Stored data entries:
>>>>>

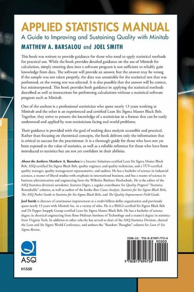 This book was written to provide guidance for those who need to apply statistical methods for practical use. While the book provides detailed guidance on the use of Minitab for calculation, simply entering data into a software program is not sufficient to reliably gain knowledge from data. The software will provide an answer, but the answer may be wrong if the sample was not taken properly, the data was unsuitable for the statistical test that was performed, or the wrong test was selected. It is also possible that the answer will be correct, but misinterpreted. This book provides both guidance in applying the statistical methods described as well as instructions for performing calculations without a statistical software program such as Minitab. One of the authors is a professional statistician who spent nearly 13 years working at Minitab and the other is an experienced and certified Lean Six Sigma Master Black Belt. Together, they strive to present the knowledge of a statistician in a format that can be easily understood and applied by non-statisticians facing real-world problems. Their guidance is provided with the goal of making data analysis accessible and practical. Rather than focusing on theoretical concepts, the book delivers only the information that is critical to success for the practitioner. It is a thorough guide for those who have not yet been exposed to the value of statistics, as well as a reliable reference for those who have been introduced to statistics but are not yet confident in their abilities. Supplemental files available! If you are an instructor who would like to conduct training with this book, please visit this "https://asqassets.widencollective.com/portals/sybdffda/(H1550)AppliedStatisticsManualAGuidetoImprovingandSustainingQualitywithMinitab" access: Course descriptions for one or two semester university courses Chapter descriptions for standalone sessions A data file containing data sets used in the book
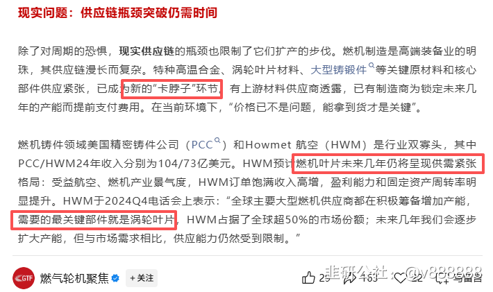 而导致北美电力燃气轮机其短缺的核心原因是:涡轮叶片产能紧缺!
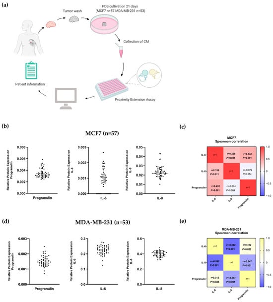 Correlation between secreted IL-6, IL-8 and progranulin in the PDS model system. (a) Schematic picture showing experimental workflow for secretome analysis of breast cancer cells grown in PDS. (b) Dot plots of the variation in secretion of progranulin, IL-6 and IL-8 for cancer cells grown in the PDS model in MCF7. (c) Heat map visualization of pairwise Spearman correlation between different markers in MCF7 cells grown in the PDS culturing system. (d) Dot plots of the variation in secretion of progranulin, IL-6 and IL-8 for cancer cells grown in the PDS model for MDA-MB-231. (e) Heat map visualization of pairwise Spearman correlation between different markers in MDA-MB-231 cells grown in the PDS culturing system. The data represent MCF7 or MDA-MB-231 cells cultured in PDSs generated from 63 different breast cancer patients (57 for MCF7 and 53 for MDA-MB-231 cells), corresponding to 122 individual samples. p < 0.05 is considered statistically significant. PDS: patient-derived scaffold, r: correlation coefficient, IL-6: interleukin-6, IL-8: interleukin-8, CM: conditioned media.
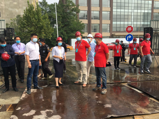 检查组首先来到二期施工现场进行检查,周月红现场向施工负责人询问了施工进度,要求施工单位一定要做好现场安全防范措施,避免出现各类安全事故。
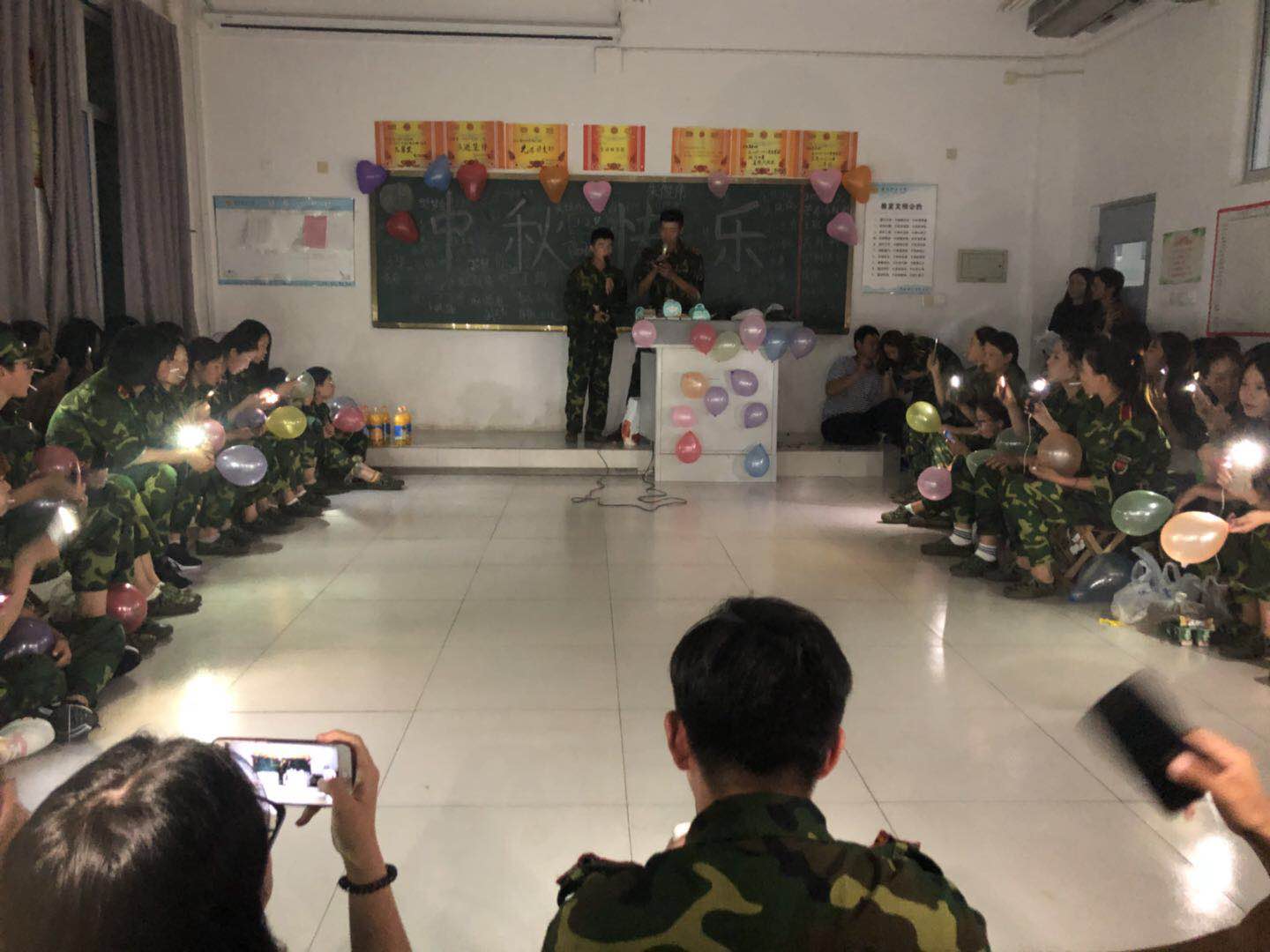 9月24日,新生军训的第八日,也是中秋佳节,为了缓解2018级新生的思乡之情,让大家更快地融入食品药品天行体育官方网站这个大家庭,天行体育官方网站领导及辅导员、各班班主任以及教官在各班分别组织了中秋晚会,与大一新生共度中秋佳节。
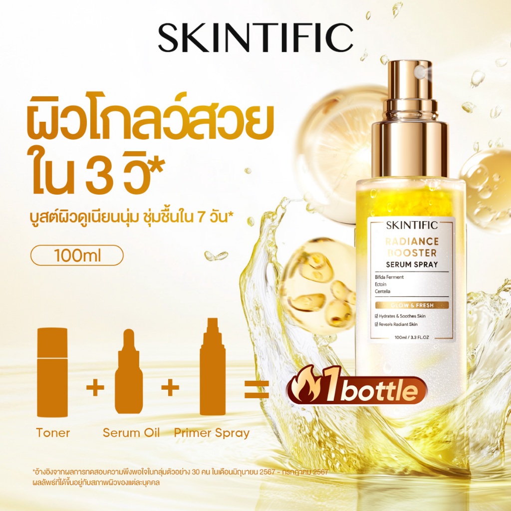 SKINTIFIC Radiance Booster Serum Spray ช่วยให้ผิวเปล่งปลั่ง สุขภาพดี และกระจ่างใสตลอดทั้งวัน
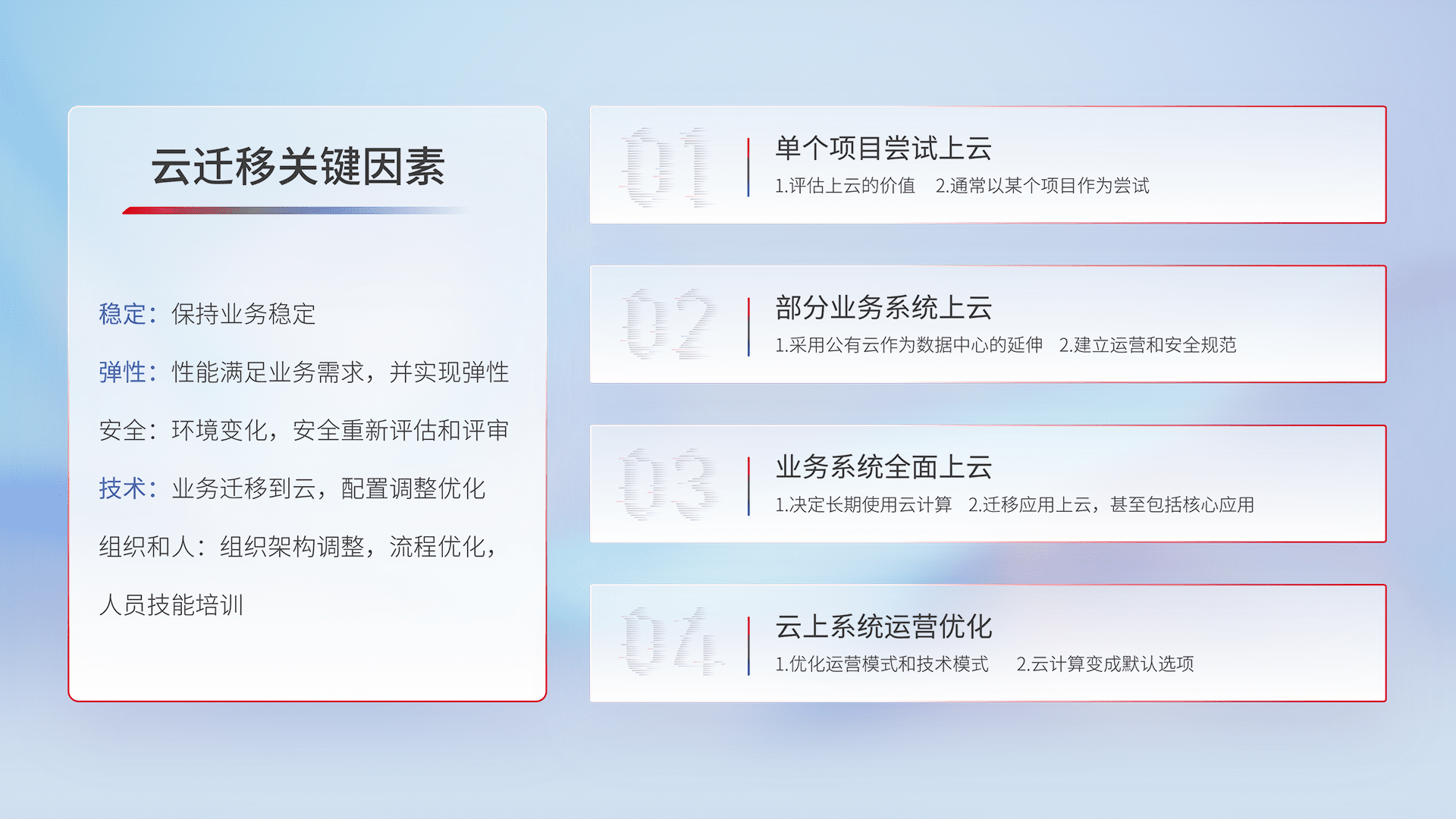 结合实际业务,,,从规划设计、、、云平台选型、、、、云原生改造、、、数据迁移、、、、集成交付,,,,迁移全过程为客户识别最佳上云路径,,,做好风险识别管理,,,,设计网络架构、、身份权限、、、、安全审计合规、、操作审计、、日志审计、、、监控告警策略、、、多站点容灾设计等,,,对云上基础设施进行整体规划,,提升IT治理水平,,以满足弹性、、、、高可用、、、高性能的需求。。
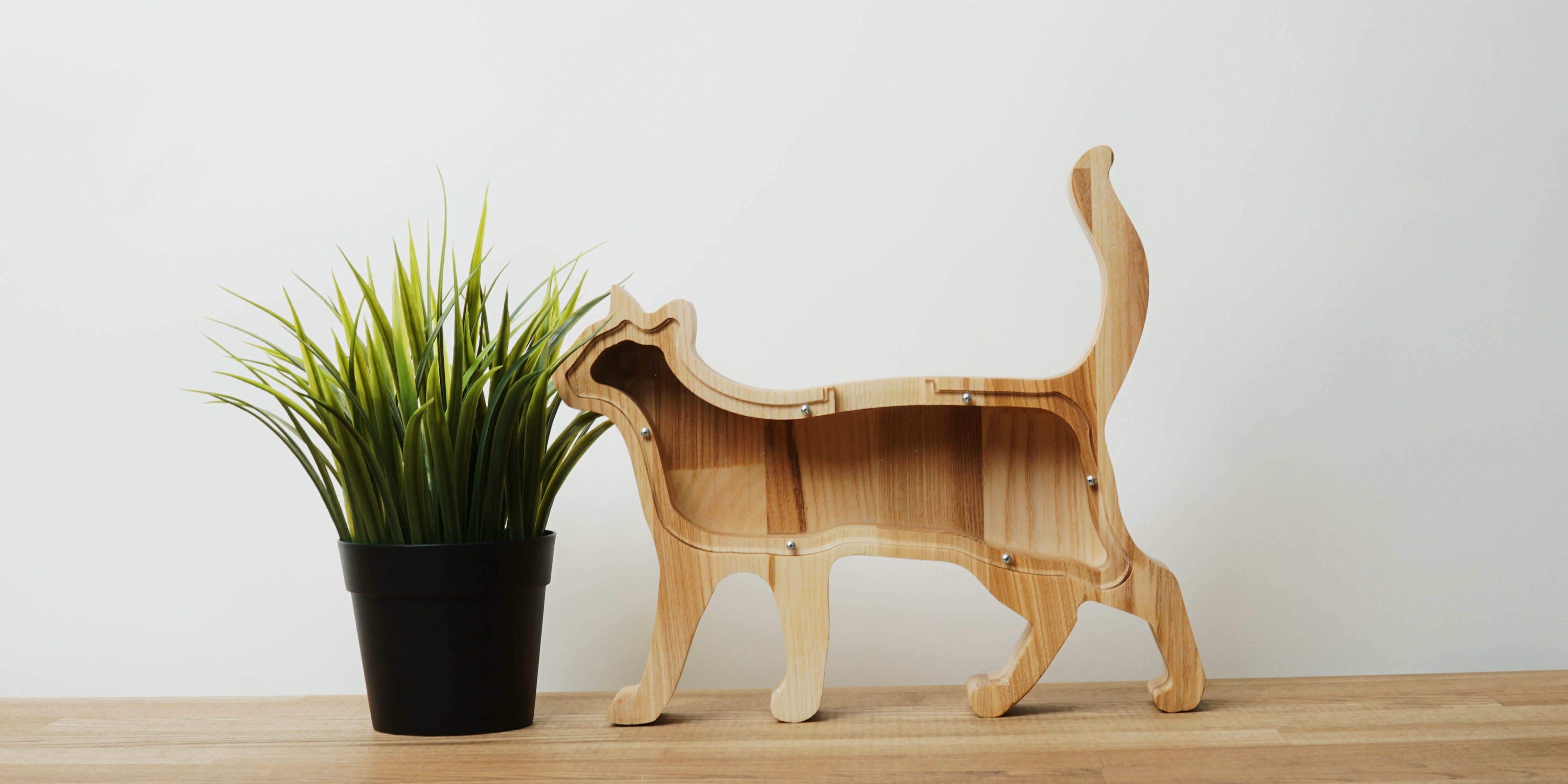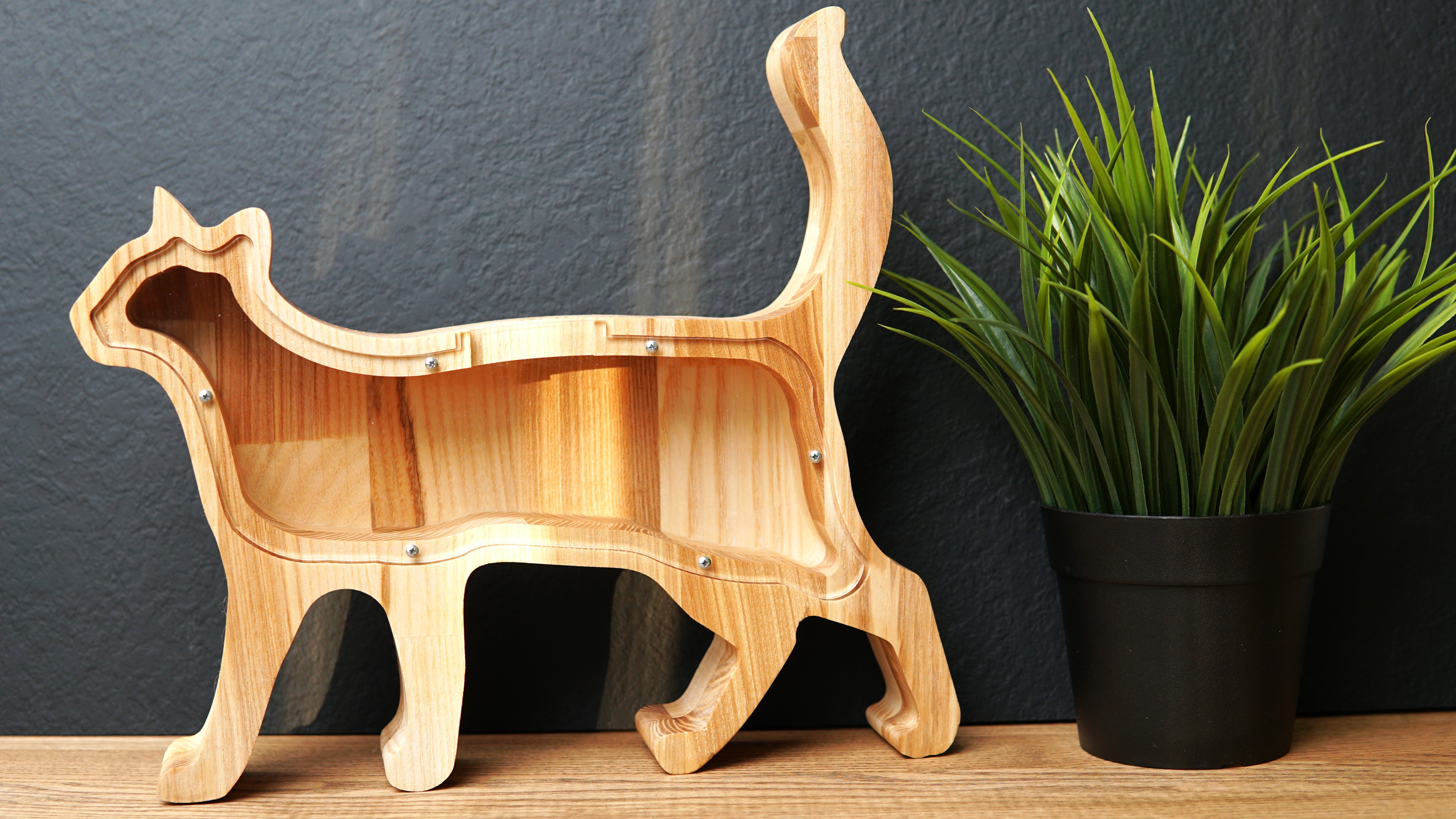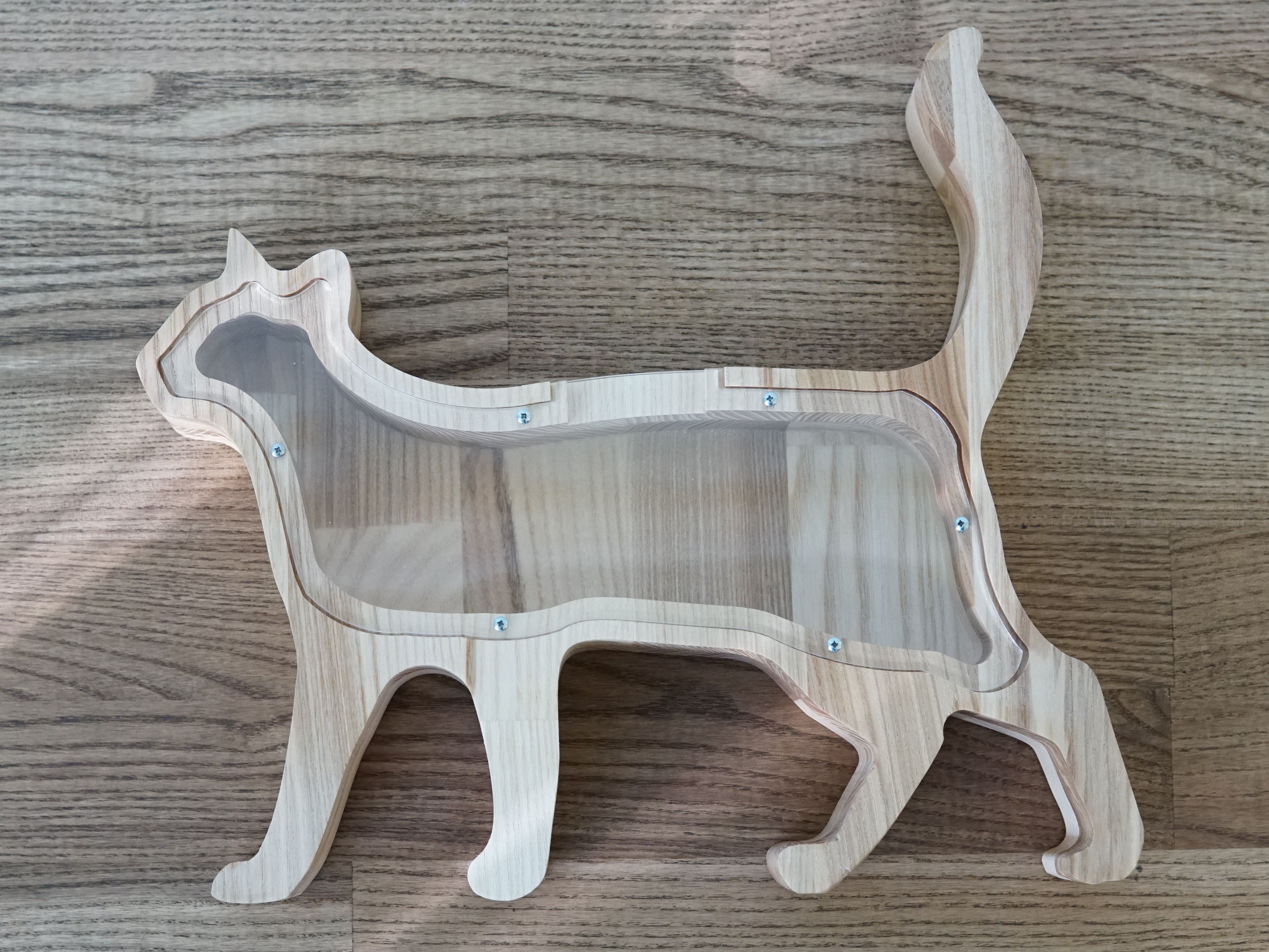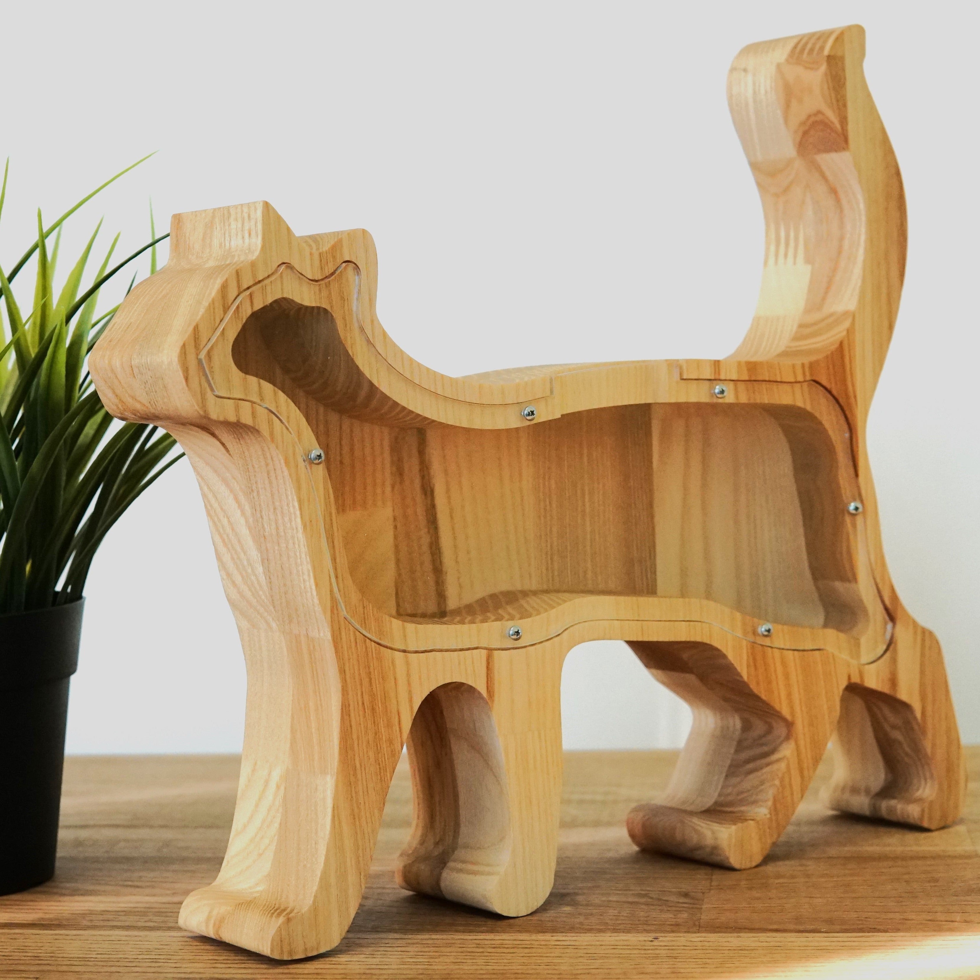 Wooden Piggy Bank Cat (Engraving)

<<<<<

Your copy should match every entry above exactly and contain no pictures.

 This book was written to provide guidance for those who need to apply statistical methods for practical use. While the book provides detailed guidance on the use of Minitab for calculation, simply entering data into a software program is not sufficient to reliably gain knowledge from data. The software will provide an answer, but the answer may be wrong if the sample was not taken properly, the data was unsuitable for the statistical test that was performed, or the wrong test was selected. It is also possible that the answer will be correct, but misinterpreted. This book provides both guidance in applying the statistical methods described as well as instructions for performing calculations without a statistical software program such as Minitab. One of the authors is a professional statistician who spent nearly 13 years working at Minitab and the other is an experienced and certified Lean Six Sigma Master Black Belt. Together, they strive to present the knowledge of a statistician in a format that can be easily understood and applied by non-statisticians facing real-world problems. Their guidance is provided with the goal of making data analysis accessible and practical. Rather than focusing on theoretical concepts, the book delivers only the information that is critical to success for the practitioner. It is a thorough guide for those who have not yet been exposed to the value of statistics, as well as a reliable reference for those who have been introduced to statistics but are not yet confident in their abilities. Supplemental files available! If you are an instructor who would like to conduct training with this book, please visit this "https://asqassets.widencollective.com/portals/sybdffda/(H1550)AppliedStatisticsManualAGuidetoImprovingandSustainingQualitywithMinitab" access: Course descriptions for one or two semester university courses Chapter descriptions for standalone sessions A data file containing data sets used in the book
 而导致北美电力燃气轮机其短缺的核心原因是:涡轮叶片产能紧缺!
 Correlation between secreted IL-6, IL-8 and progranulin in the PDS model system. (a) Schematic picture showing experimental workflow for secretome analysis of breast cancer cells grown in PDS. (b) Dot plots of the variation in secretion of progranulin, IL-6 and IL-8 for cancer cells grown in the PDS model in MCF7. (c) Heat map visualization of pairwise Spearman correlation between different markers in MCF7 cells grown in the PDS culturing system. (d) Dot plots of the variation in secretion of progranulin, IL-6 and IL-8 for cancer cells grown in the PDS model for MDA-MB-231. (e) Heat map visualization of pairwise Spearman correlation between different markers in MDA-MB-231 cells grown in the PDS culturing system. The data represent MCF7 or MDA-MB-231 cells cultured in PDSs generated from 63 different breast cancer patients (57 for MCF7 and 53 for MDA-MB-231 cells), corresponding to 122 individual samples. p < 0.05 is considered statistically significant. PDS: patient-derived scaffold, r: correlation coefficient, IL-6: interleukin-6, IL-8: interleukin-8, CM: conditioned media.
 检查组首先来到二期施工现场进行检查,周月红现场向施工负责人询问了施工进度,要求施工单位一定要做好现场安全防范措施,避免出现各类安全事故。
 9月24日,新生军训的第八日,也是中秋佳节,为了缓解2018级新生的思乡之情,让大家更快地融入食品药品天行体育官方网站这个大家庭,天行体育官方网站领导及辅导员、各班班主任以及教官在各班分别组织了中秋晚会,与大一新生共度中秋佳节。
 SKINTIFIC Radiance Booster Serum Spray ช่วยให้ผิวเปล่งปลั่ง สุขภาพดี และกระจ่างใสตลอดทั้งวัน
 结合实际业务,,,从规划设计、、、云平台选型、、、、云原生改造、、、数据迁移、、、、集成交付,,,,迁移全过程为客户识别最佳上云路径,,,做好风险识别管理,,,,设计网络架构、、身份权限、、、、安全审计合规、、操作审计、、日志审计、、、监控告警策略、、、多站点容灾设计等,,,对云上基础设施进行整体规划,,提升IT治理水平,,以满足弹性、、、、高可用、、、高性能的需求。。
 Wooden Piggy Bank Cat (Engraving)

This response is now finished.